The production of unitary electrolyte elements which are particularly useful in electrochemical cells of many different types in general, have been extensively described in patents and other literature. Some of these electrolyte elements have multilayer structures and are prepared by various means of adding an additional electrolyte layer between a first electrolyte layer and one or both of the electrodes. Alternatively, if desired, a barrier or stabilization layer may be imposed between the electrolyte element and one or both of the electrodes, such as described in U.S. Pat. No. 5,487,959 to Koksbang.
One of the many problems encountered in the process of producing electrolyte elements, and particularly those useful in electrochemical cells with lithium as the negative electrode or anode, is that there is a difficulty in obtaining good efficiency, cycling life, and safety of the cells due to reactivity of the electrolyte element with the electrode elements, particularly due to reactions with the anode. There is further difficulty in obtaining good efficiency, cycling life, and safety of the cells due to the diffusion of materials from other layers of the cell, particularly discharge products from the positive electrode or cathode layer, into the electrolyte element. These materials that have diffused into the electrolyte element can react in a detrimental way with the anode or another layer in contact with the electrolyte element, or can react directly with the electrolyte element.
The foregoing disadvantages for producing electrolyte elements for electrochemical cells are even more problematic when the cathode layer utilizes a sulfur-based active material in combination with a lithium-based anode. For instance, in U.S. Pat. No. 3,907,591, Lauck describes the reduction of the elemental sulfur active material during the discharging of the cell to produce soluble lithium polysulfides at high concentrations. This leads to reduced efficiency and cycling life of the cells due to formation of insoluble lithium sulfides, such as lithium sulfide (Li.sub.2 S), which deposit on the cathode and clog its pores to block interaction with the electrolyte, as well as due to undesirable reactions of the soluble lithium polysulfides with the lithium-based anode.

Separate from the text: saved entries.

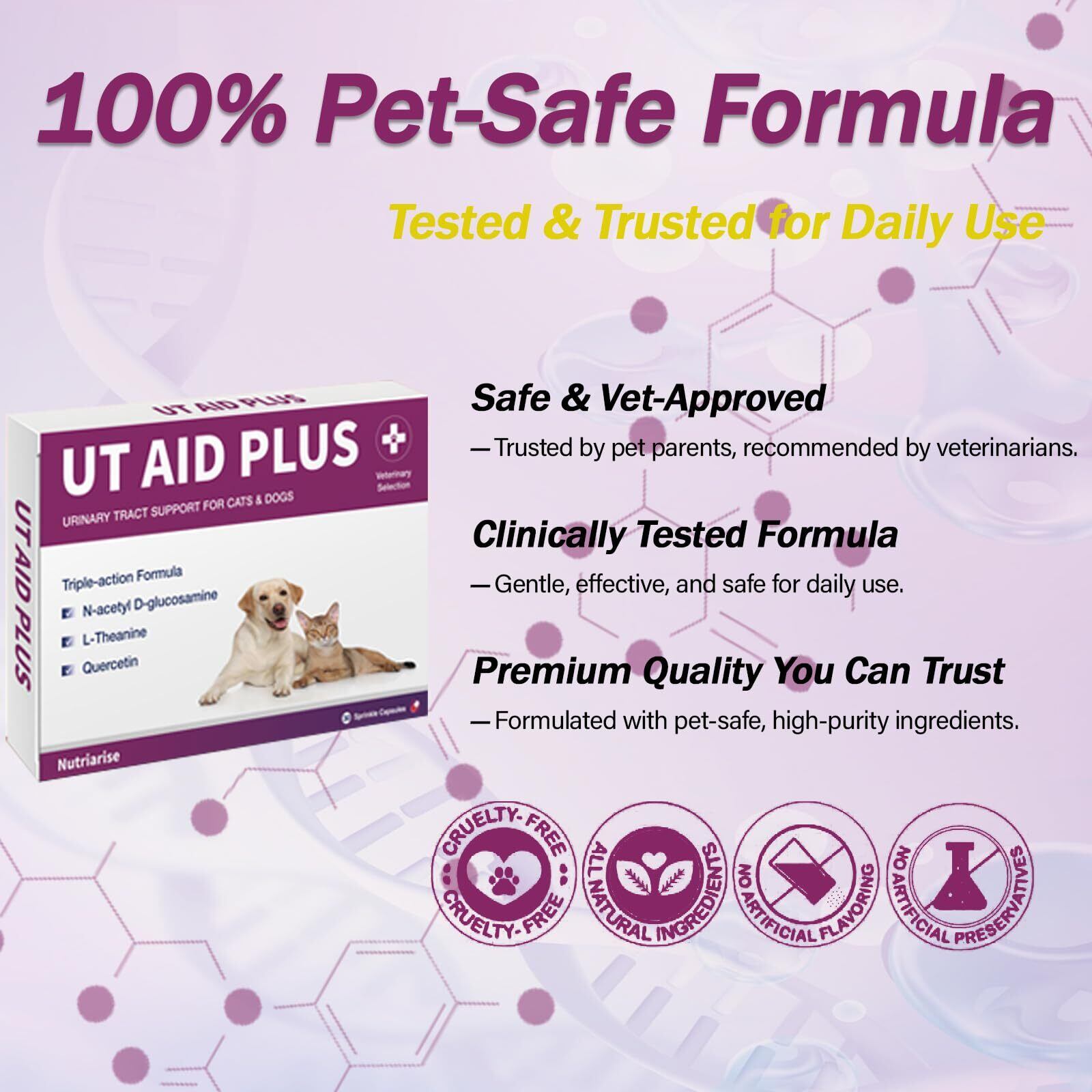 【NUTRIARISE】猫・犬用 UT AID Plus|膀胱炎・尿路結石・頻尿に対応|避妊・去勢後ケア|ナチュラル成分配合|30カプセル
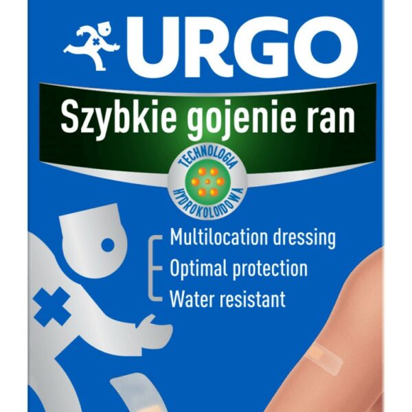 URGO Szybkie Gojenie Ran to samoprzylepne opatrunki, składające się z przezroczystego podłoża oraz kompresu hydrokoloidowego.Transparentne podłoże opatrunku jest nieprzepuszczalne dla wody, ergonomiczne, wyjątkowo cienkie, chroni przed uciskiem i otarciami.Opatrunek zapewnia dyskretną ochronę i dopasowuje się do miejsca ranyHydrokoloidowy kompres – zabezpiecza, tworzy środowisko korzystne dla szybkiego gojenia, a także umożliwia bezbolesne usuwanie opatrunku.Wodoodporny.POJEMNOŚĆ: 8 sztukWSKAZANIA:Opatrunek jest przeznaczony do stosowania na rany powierzchniowe (skaleczenia, zadrapania) po ustaniu krwawienia. Opatrunek przeznaczony jest dla osób dorosłych i dzieci w wieku powyżej 12 lat (młodsze dzieci mogą stosować opatrunek pod nadzorem rodziców lub osób dorosłych).SPOSÓB UŻYCIA:1. Oczyścić i zdezynfekować ranę roztworem antyseptycznym, który nie zawiera alkoholu. Zatamować możliwe krwawienie i osuszyć ranę za pomocą sterylnego gazika.2. Otworzyć saszetkę i wyjąć opatrunek. Opatrunek ogrzać w dłoniach, aby ułatwić jego formowanie3. Zdjąć pierwszą osłonę ochronną, unikając dotykania palcami środkowej części plastra i umieścić opatrunek hydrokoloidowy centralnie na ranie. Rana musi być całkowicie przykryta kompresem hydrokoloidowym (część środkowa).4. Zdjąć drugą osłonę, jednocześnie wygładzając i przyciskając krawędzie opatrunku, aby poprawić przyleganie.OPAKOWANIE:5 opatrunków 20 x 74 mm i 3 opatrunki 40 x 72 mm.OSTRZEŻENIA: Nie rozciągać opatrunku podczas nakładania, nie przecinać. Opatrunek do jednorazowego użytku: nie zmieniać położenia już nałożonego opatrunku, nie używać ponownie tego samego opatrunku (ryzyko zakażenia). W razie pozostania kleistych pozostałości hydrokoloidu na skórze zalecane jest namoczenie w wodzie. Nie stosować opatrunki ani nie usuwać już zastosowanego opatrunku i zasięgnąć porady lekarza: - jeżeli stan rany pogarsza się lub jeśli nie ma poprawy po 6 dniach stosowania, - w obecności objawów zakażenia (zaczerwienienie, ból, uczucie gorąca, obrzęk wokół rany, ropa itp.), - w razie jakichkolwiek wątpliwości lub dyskomfortu. Pacjenci z cukrzycą powinni stosować opatrunki hydrokoloidowe wyłącznie pod kontrolą lekarza lub pielęgniarki. W przypadku jakichkolwiek ran zlokalizowanych na twarzy należy zasięgnąć porady lekarza ze względów estetycznych. Nie używać opatrunków dłużej niż przez kolejne 30 dni.Przed użyciem zapoznaj się z treścią ulotki dołączonej do opakowania bądź skonsultuj się z lekarzem lub farmaceutą, gdyż każdy preparat niewłaściwie stosowany zagraża Twojemu życiu lub zdrowiu.
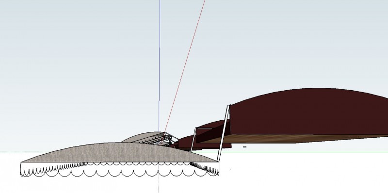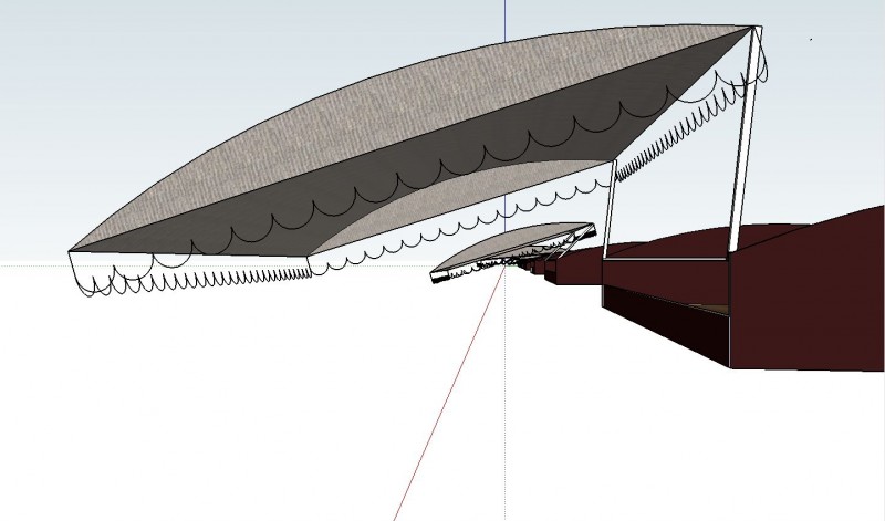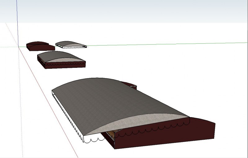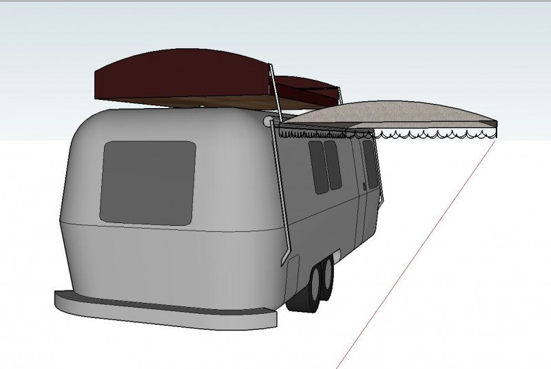 Konkret habe ich mir folgendes Vorgestellt: Eine Dachbox aus Siebdruckplatten, deren Abdeckung als Sonnensegel einfach ausgezogen werden kann. Die Haube soll aus dem Isomaterial sein. Dafür spanne ich es auf einen Rahmen aus Alurohren an den geraden Kanten und Karbonstangen an den gewölbten kurzen Seiten. die Karbonstangen stehen dann unter Spannung ähnlich wie in einem normalen Zweimannzelt. Der Deckel wird für die Nutzung als Sonnensegel einfach seitlich ausgezogen und in die Regenrinne eingehakt.
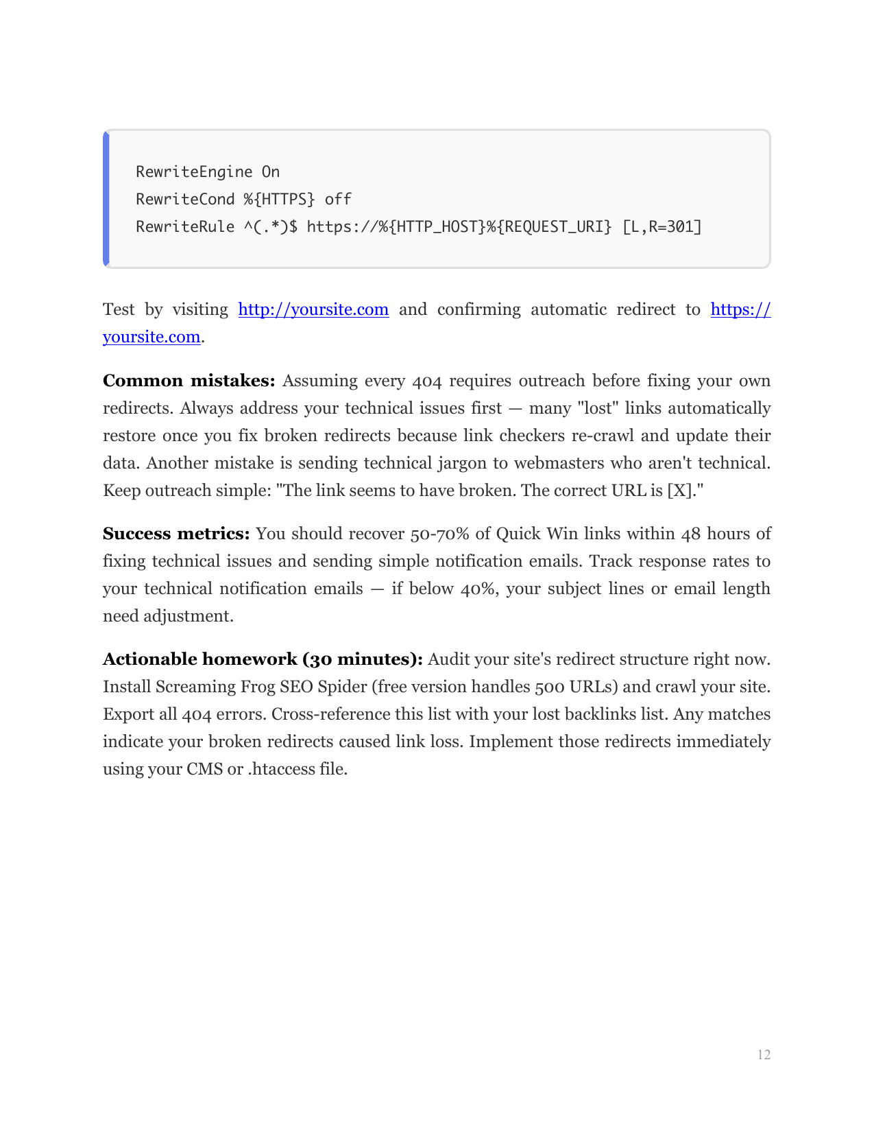 Fixes broken external links pointing to your site. Covers backlink monitoring with free tools, redirect setup, and outreach templates that restore lost link equity.
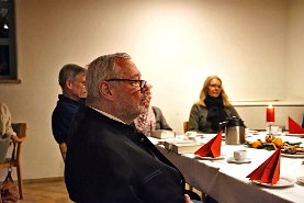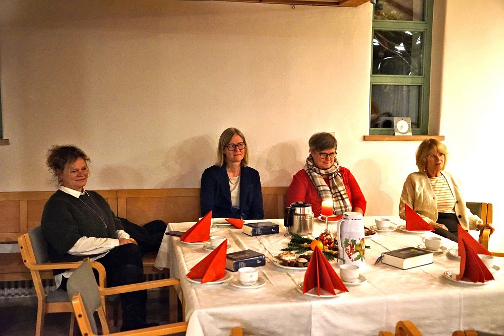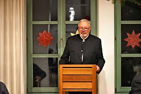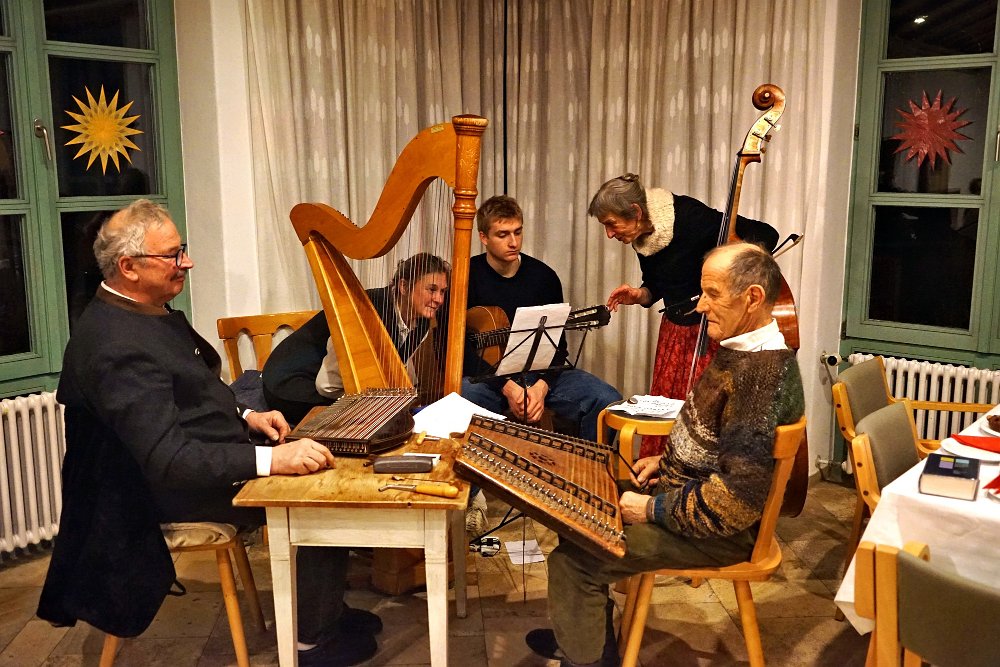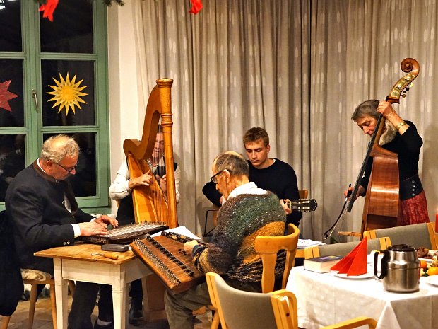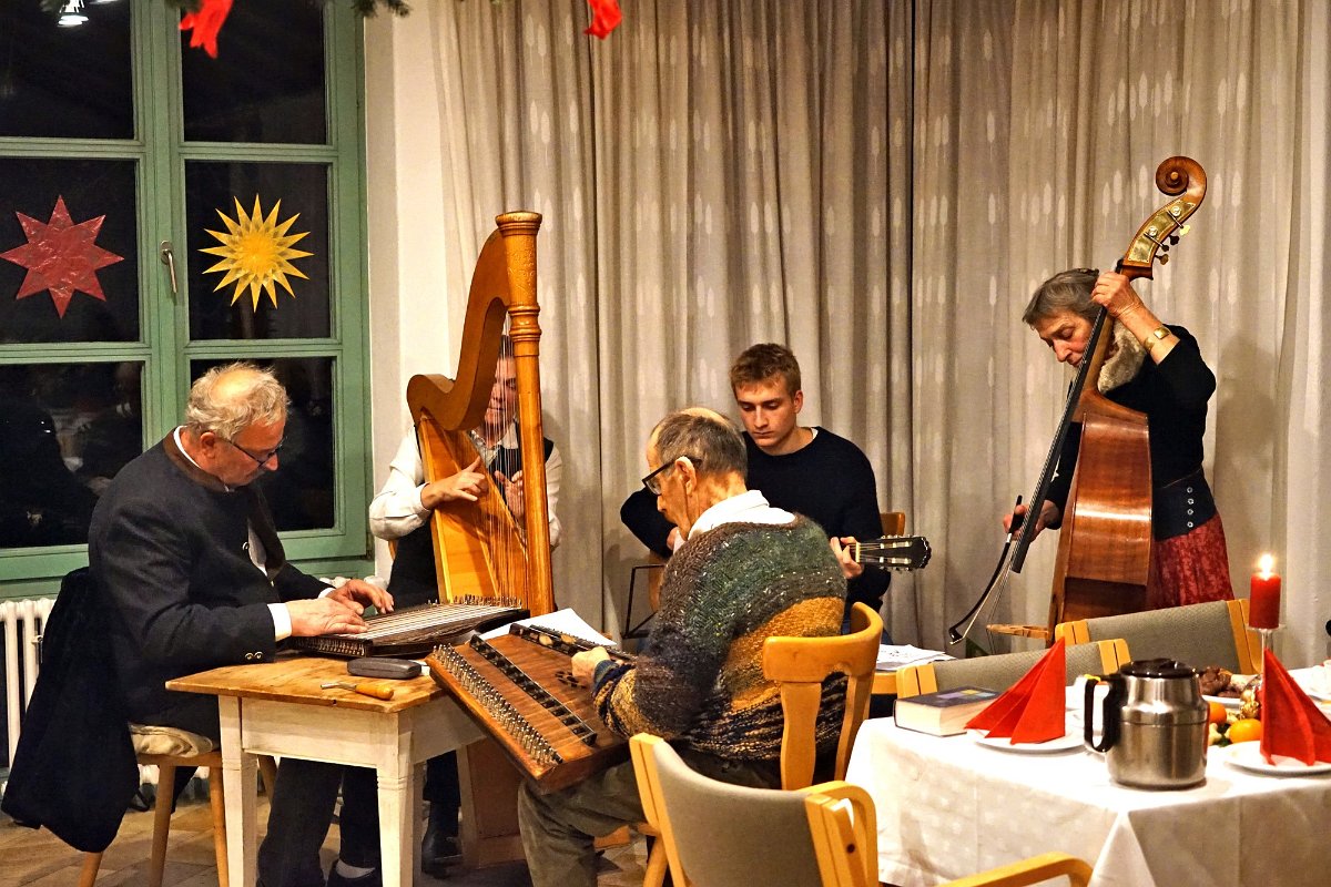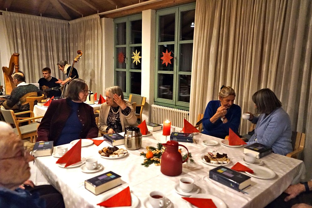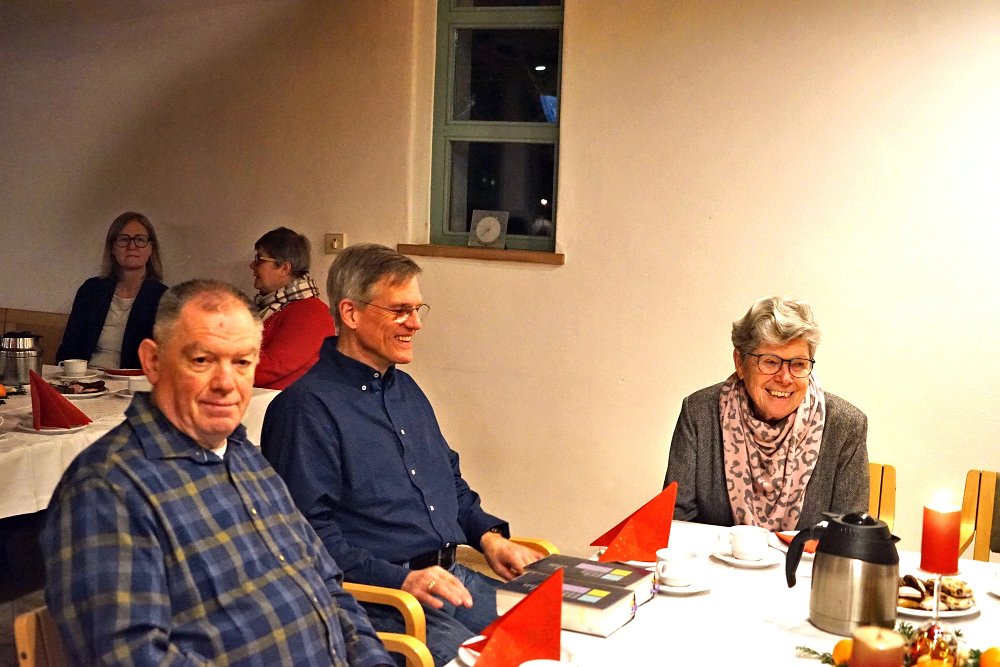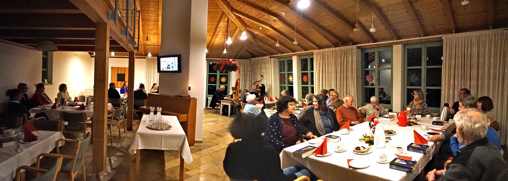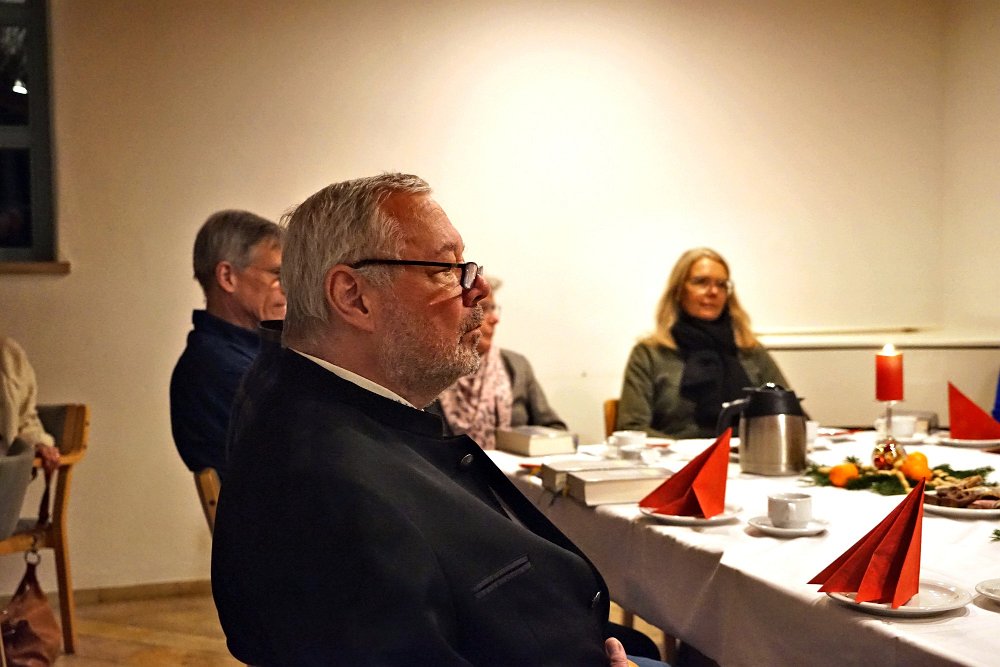 01.12.2025 - Traditionsgemäß waren am Montag nach dem 1. Advent die "Ehrenamtlichen" von Pfarrer Johannes Habdank und dem Kirchenvorstand zum "Mitarbeiteradvent" ins Katharina von Bora-Haus eingeladen. Eröffnet wurde der Abend mit einer adventlichen Lesung und adventlichen Liedgesängen, begleitet von der "Farchner Saitenmusik". Pfarrer Habdank dankte den Anwesenden für ihren z.T. schon viel Jahre währenden Einsatz. Neben Punsch und Glühwein sorgte Ina Zultmer im anschließenden gemütlichen Beisammensein für das leibliche Wohl mit Stollen, Weihnachtsbäckereien und dem obligaten "Griebenschmalzbrot". Fotos: Iradj Teymurian

Lithium and sulfur are highly desirable as the active materials for the anode and cathode, respectively, of rechargeable or secondary battery cells because they have the highest energy density on a weight or volume basis of any of the known combinations of active materials. To obtain high energy densities, the lithium can be present as the pure metal or in an alloy or in an intercalated form, and the sulfur can be present as elemental sulfur or as an organic material with a high sulfur content, preferably greater than 50 weight per cent sulfur. The aforementioned disadvantages of the high reactivity of lithium with the electrolyte element and the transport of excessive amounts of soluble and insoluble polysulfides from the cathode layer into the electrolyte element in combination cause a complex number of chemical reactions which in total reduce the cycle life and safety of the cells.
To overcome the foregoing disadvantages for producing electrolyte elements, and in particular for producing electrochemical cell elements with a lithium-based anode, in U.S. Pat. No. 4,303,748 to Armand, et al., the disclosures of which are totally incorporated herein by reference, the electrolyte element is a solid polymer electrolyte (SPE). This SPE is less reactive with the lithium-based anode than liquid electrolytes and, optionally, an ionically conductive polymer, the same as or similar to that in the SPE, is further incorporated into the cathode composite layer containing, for example, elemental sulfur and conductive carbon. The ionically conductive polymer is incorporated into this elemental sulfur and conductive carbon coating at levels of up to 25 weight per cent to improve the electrochemical performance and the mechanical integrity of the coating. In spite of the lower reactivity of the electrolyte element and the binding strength and ionic conductivity of the polymer, such as polyethylene oxide (PEO), in the composite cathode, there remains excessive diffusion of soluble lithium polysulfides from the cathode into the electrolyte element and into contact with the lithium anode which severely reduces the cycle life and safety of the cell.
In U.S. Pat. No. 5,523,179, the disclosures of which are totally incorporated herein by reference, Chu describes some of the prior art on elemental sulfur cathode/lithium anode battery cells, including the formation and detrimental action of polysulfides with nonaqueous electrolytes. No information is provided on the use of additives in the electrolyte element to increase cycle life and safety.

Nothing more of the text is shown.